I’ve got some problems with that. First off, SOCOM does have the ball for that–but there’s no way we’re going to instantly turn DoD into a giant SOF unit. That’s why there are the four SOF Truths:
- Humans are more important than hardware.
- Quality is more important than quantity.
- SOF cannot be mass produced.
- Competent SOF cannot be created after the emergency arises.
Here’s an older example of a framework for using SOF. If the idea is to make the regular folks more effectively in support of SOF, we’ve done a lot of changing to do that; check this discussion from one of the Marines trying to successfully adapt into a world that uses SOF a little differently by standing up MARSOC. I could also point out that the four star brought back from retirement to run the Army is a snake eater, and used to run SOCOM; he groks SOF and as a service chief will be sympathetic to the concerns of SOCOM.

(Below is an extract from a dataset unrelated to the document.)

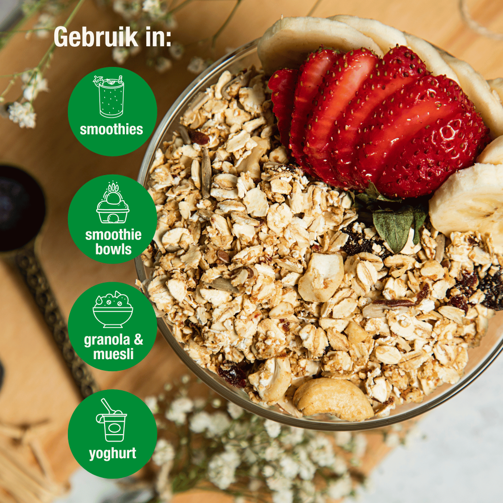 Use in muesli granola, smoothie bowl, smoothie and yogurt

So that can’t be the issue. Perhaps what the Washington Times op-ed is pushing is support of the directive to let SOCOM run the GWOT at the flag/general officer level. This makes more sense, but still has some severe problems associated with it that are going to take more than a generally focused op-ed to address.
- There now are several geographic combatant commanders, four star officers with responsibility over an area of operations. CENTCOM? That’s one of them. There may be one more coming down the pike. Check out how they used to be arranged in this older map:

- There are also commands with four stars and no geographic area, but functional resonsibilities. STRATCOM, for instance, owns a box of “odds and ends” of things that need watched over all over the globe, such as space (the old SPACECOM was folded into STRAT) and the old nuclear triad. SOCOM is a slightly different beast than the others because after being ignored for a decade or so by the rest of DoD Congress gave SOCOM purchasing authority–and money is power. The difficulties all the functional combatant commanders have to deal with involve using assets that may be under the operational command of a geographic COCOM, making messes in that COCOM’s AOR to get cleaned up, and performing actions that the geographic COCOM might not necessarily want to happen.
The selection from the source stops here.